Problem to solve: At the line containing "2時間目の話し合いでは、各チ", begin an exact copy of the lines below and continue through the final one, with no pictures.
*** Opening of Data ***
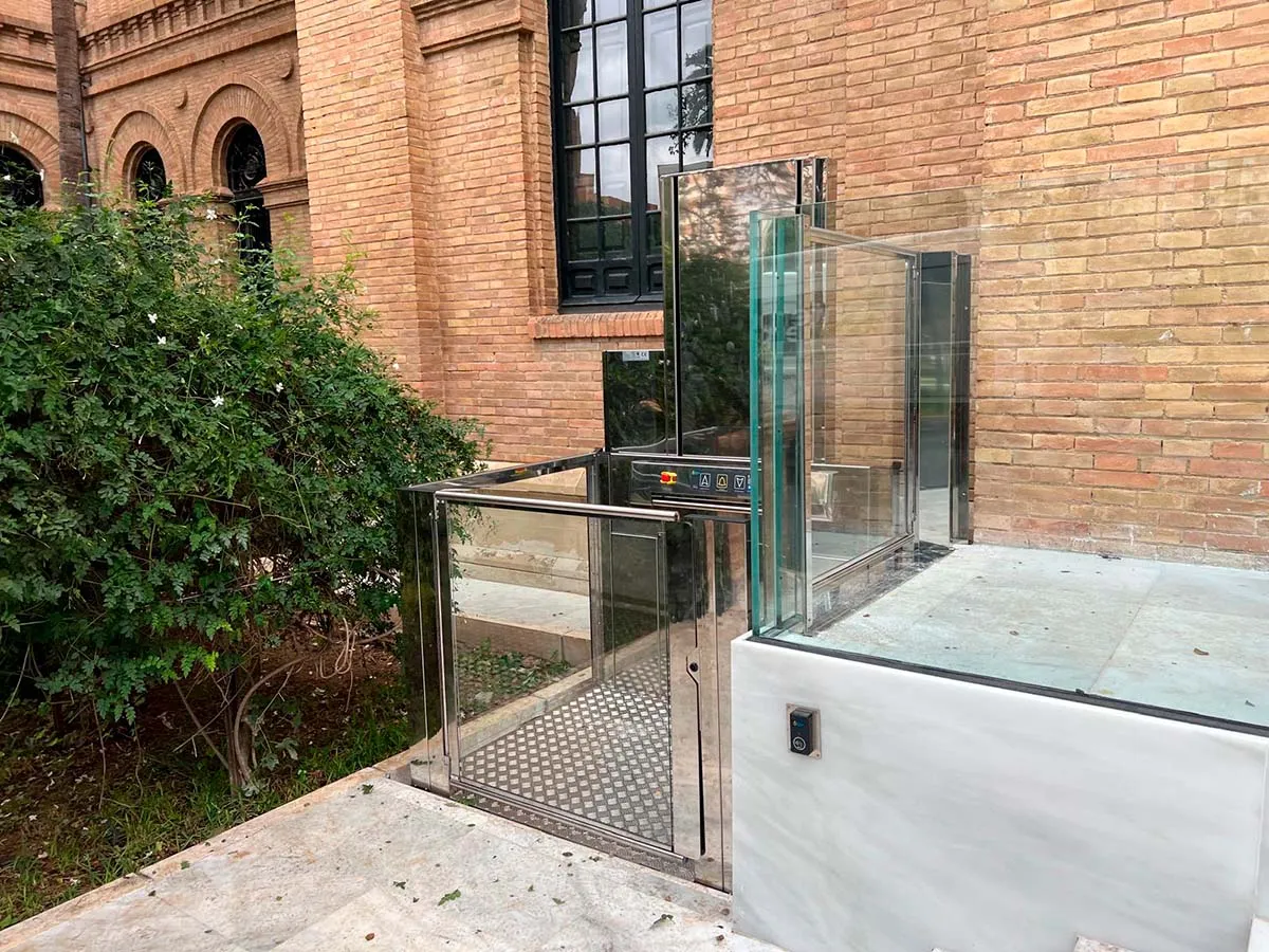 Para resolver este reto, Vilber ha incorporado un elevador de pequeñas alturas junto a la escalera de entrada, integrándolo con cerramientos acristalados y acabado en acero inoxidable para armonizar con la arquitectura existente. El sistema salva el desnivel entre el nivel exterior y el umbral del edificio, permitiendo el uso de sillas de ruedas y facilitando el paso con comodidad, mediante mandos accesibles y pulsador de llamada. Con esta solución, Vilber refuerza su compromiso con la accesibilidad, la seguridad y la calidad en entornos educativos de alta exigencia.
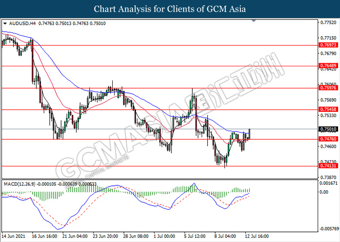 AUDUSD, H4: AUDUSD telah didagang dengan lebih tinggi susulan dengan lantunan dari tahap sokongan 0.7475. MACD yang memaparkan isyarat momentum bullish mencadangkan pasangan ini untuk melanjutkan keuntungannya ke arah tahap rintangan 0.7545.
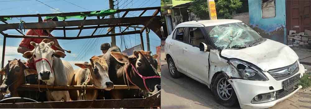 राजस्थान-भरतपुर में पुलिस से बचकर भागने में लोहे के एंगलों से टकराई गौ तस्करों की कार
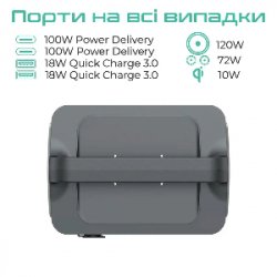 Вихід 4: USB-C PD 5V/3А, 9V/3А, 12V/3A, 15V/3А, 20V/5А (100W max.)
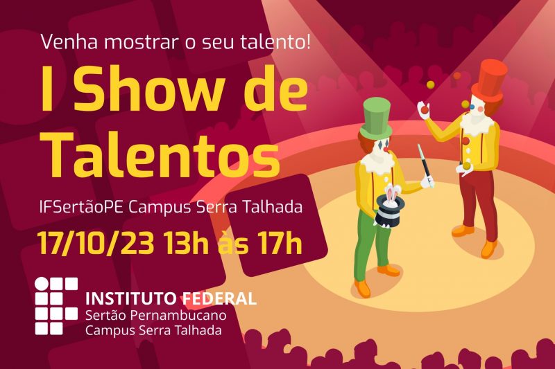 O campus Serra Talhada irá promover, no dia 17 de outubro de 2023, o seu “I Show de Talentos”. As inscrições são gratuitas e poderão ser realizadas até o dia 13 de outubro, na sala de Assistência ao Educando. Qualquer aluno(a) do campus poderá se inscrever e demonstrar o seu talento na música, na dança, nas artes cênicas ou circenses, entre outras formas de expressão artística e cultural.
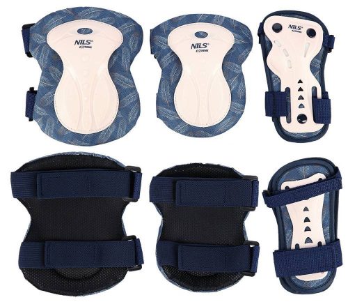 H727 Nils Extreme to zestaw ochraniaczy na nadgarstki, łokcie i kolana. Wykonany z wysokiej jakości materiałów. Skorupa zaprojektowana z mocnego i lekkiego tworzywa, które w maksymalnym stopniu zabezpieczają nadgarstki, łokcie i kolana przed urazami.. Wszystkie ochraniacze wyposażone są w zapięcie na rzepy, dzięki czemu utrzymują ochraniacze we właściwym miejscu. Zaprojektowane tak, aby użytkownik czuł się nie tylko bezpiecznie i komfortowo, ale również stylowo dzięki oryginalnej kolorystyce i trendowych wzorach.
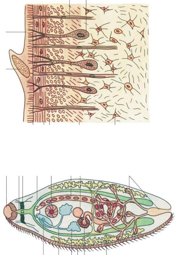 Телопокрытокожно-мускульныммешком. Кутикула, выделяемая эпителием, частоимеет шипы. Мышечные волокна расположены в три слоя: наружный — кольцевой, средний— диагональный, внутренний — продольный. Вбоковыхобластях расположены дорсовентральные волокна. Между органами размещается губчатая паренхима, выполняющая опорную и трофическую функции (рис. 13.1, б).
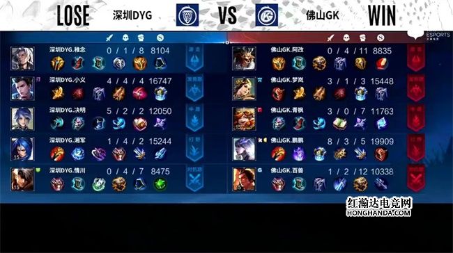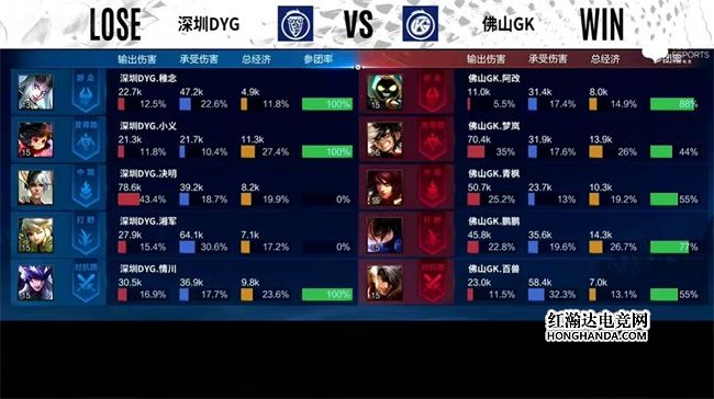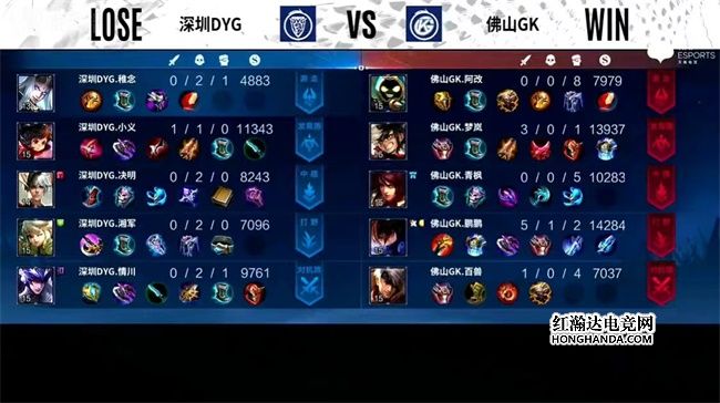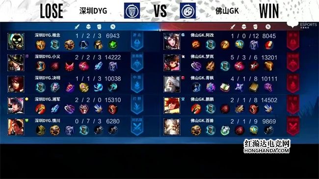 2022年KPL春季赛常规赛第二轮第三周第二个比赛日第二场比赛由深圳DYG对阵佛山GK,这是一场A组的比赛,佛山GK三连胜,距离卡位赛仅差一场胜利,深圳DYG一胜一负。最终,佛山GK零封深圳DYG,佛山四连胜进入S/A卡位赛。
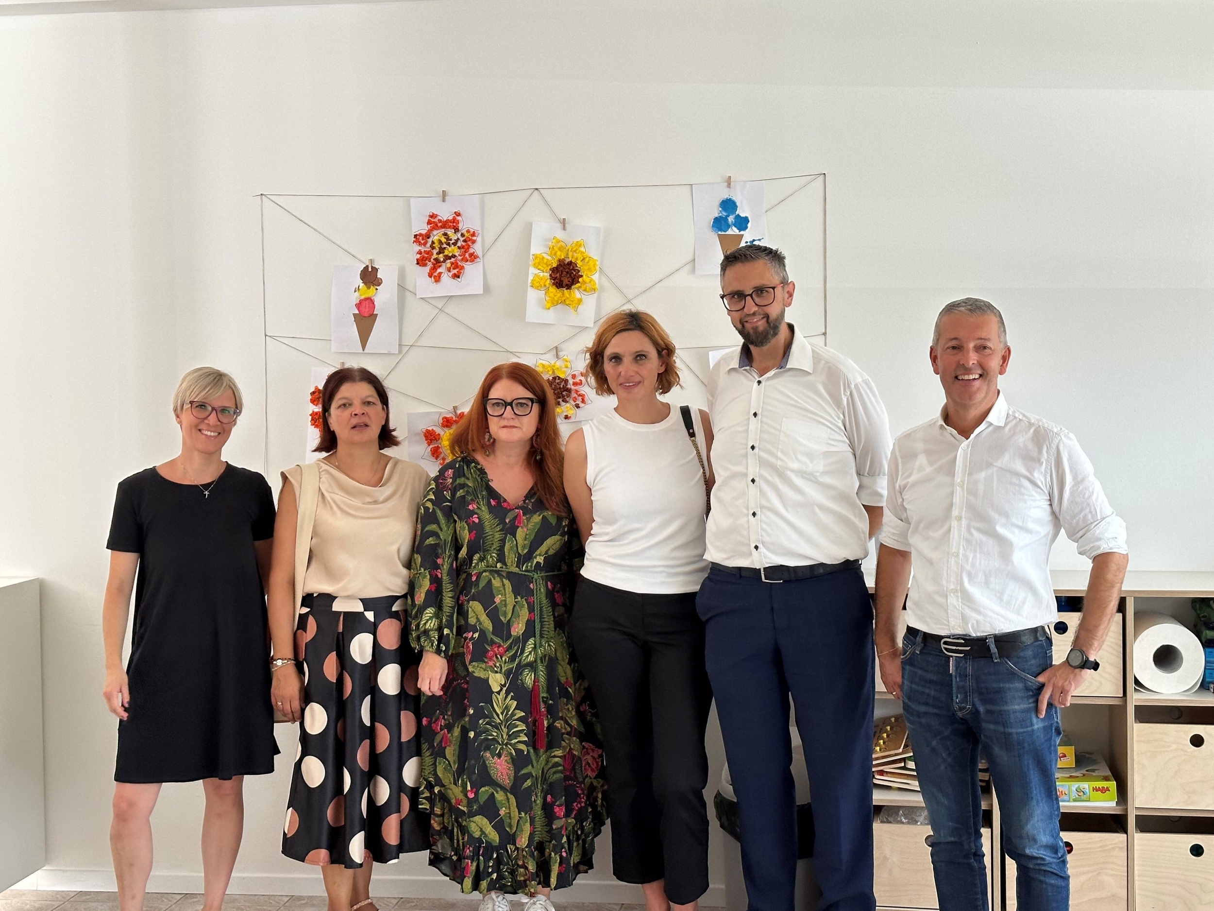 Foto: da sinistra a destra Marion Ladurner, Alessandra Scorrano, Petra Bisaglia, assessora comunale Monika Leitner, Stefan Hofer, Sindaco Peter Brunner
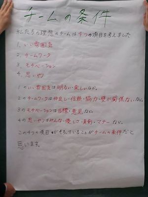 2時間目の話し合いでは、各チーム最終的には素敵な「理想のチーム」が考えられたのではないかと思います。(画像はその中でもとても上手にまとめてプレゼンしたチームの模造紙です。)
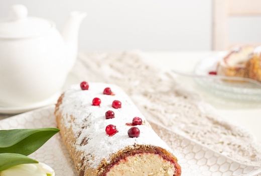 Rullbiskviit maasikate ja kohupiimakreemiga
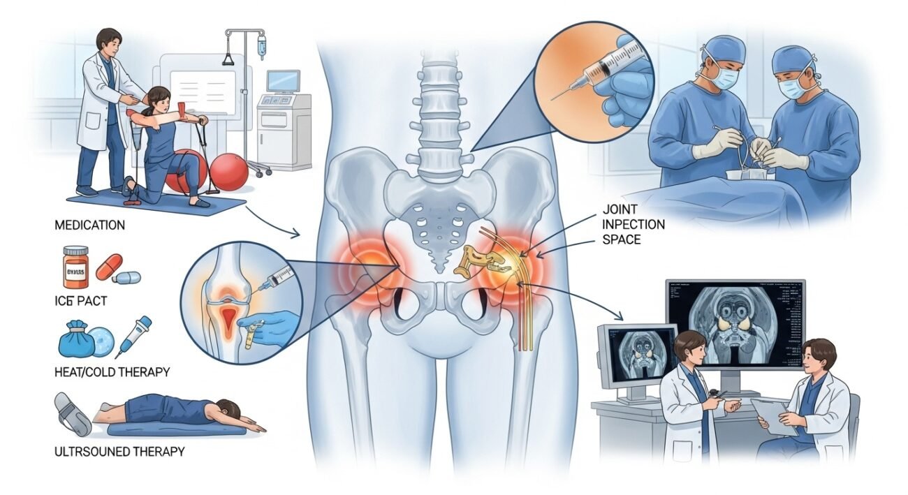 Hip pain management begins with accurate diagnosis — determining whether pain originates from the hip joint, periarticular soft tissues, or referred from adjacent structures determines the most effective treatment pathway. Physical therapy is the cornerstone of non-operative hip pain management; surgical intervention is reserved for conditions that genuinely require structural repair or replacement for restoration of function.
*** Close of Data ***
Result:
 2時間目の話し合いでは、各チーム最終的には素敵な「理想のチーム」が考えられたのではないかと思います。(画像はその中でもとても上手にまとめてプレゼンしたチームの模造紙です。)
 Rullbiskviit maasikate ja kohupiimakreemiga
 Hip pain management begins with accurate diagnosis — determining whether pain originates from the hip joint, periarticular soft tissues, or referred from adjacent structures determines the most effective treatment pathway. Physical therapy is the cornerstone of non-operative hip pain management; surgical intervention is reserved for conditions that genuinely require structural repair or replacement for restoration of function.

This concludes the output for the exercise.